El encierro ha puesto a dura prueba a todo el mundo.
El impacto está siendo distinto para cada uno dependiendo de sus circunstancias.                                                                    Yo personalmente, me siento como en una montaña rusa, en un up and down de emociones que han variado a lo largo de los días y de las semanas.

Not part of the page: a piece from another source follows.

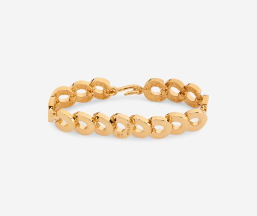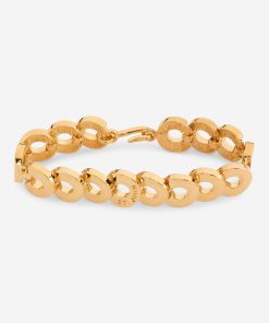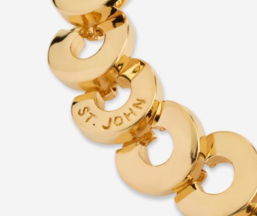 The open circles of this washer coin bracelet show peeks of skin through the glistening gold of this just-chunky-enough bracelet.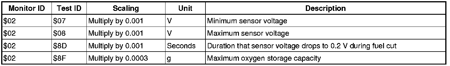 If you use a generic scan tool, multiply the test value by the scaling value listed below.

Ha habido días bonitos  y otros menos. Sin embargo, es cierto que en estas 7 semanas he alternado múltiples emociones, empezando por miedo, incertidumbre, enfado, impotencia, tristeza con momentos de comprensión, buen humor, alegría, positividad, motivación y creatividad.
He tenido días donde ha sido difícil mantener una actitud positiva. Pero claro ser fuerte no quiere decir no sentir y dejar de experimentar angustia o preocupación.
Es también cierto que esta situación nos está enseñando muchas cosas, entre las cuales la de enfrentarnos a nuestras verdaderas emociones y necesidades.Detectarlas y etiquetarlas para finalmente aceptarlas.
Reconocer la emoción que estamos experimentando, ponerle nombre, partiendo de la suposición que no hay emociones malas y buenas, pero si constructivas y destructivas dependiendo de la forma en que la expresamos.
Ahora ojalá tuviéramos una varita mágica para alejar las emociones que no nos hacen sentir bien… pero mientras esperamos que lleguen los súper poderes, lo que podemos hacer es saber gestionarlas.

Aquí comparto unos tips que a mí me han servido en todas estas semanas de confinamiento.
Lo que hice y todavía hago es:
– Aceptar y sentir las emociones tal como vienen.
– Hablar de cómo me siento con alguien de confianza. Es cierto que escuchar y que nos escuchen en este momento es de gran alivio.
– Colocar las cosas en su real dimensión, si pienso en lo catastrófico que es todo lo único que consigo es subir el nivel de angustia y ansiedad.
– Alejarme de la avalancha de las noticias para que no me lleven al pánico o al “secuestro emocional”.
– Seguir una rutina diaria manteniendo horarios de sueño y comida habituales.
– Realizar actividad física. He seguido clases on line de varias disciplinas y es cierto que el deporte es de gran ayuda para cuerpo y mente.
– Practicar la meditación, el mindfulness te ayuda a estar presente en el aquí y en el ahora. Solo con unos sencillos ejercicios al día puedes lograr concentrarte sin desplazarte al pasado o al futuro.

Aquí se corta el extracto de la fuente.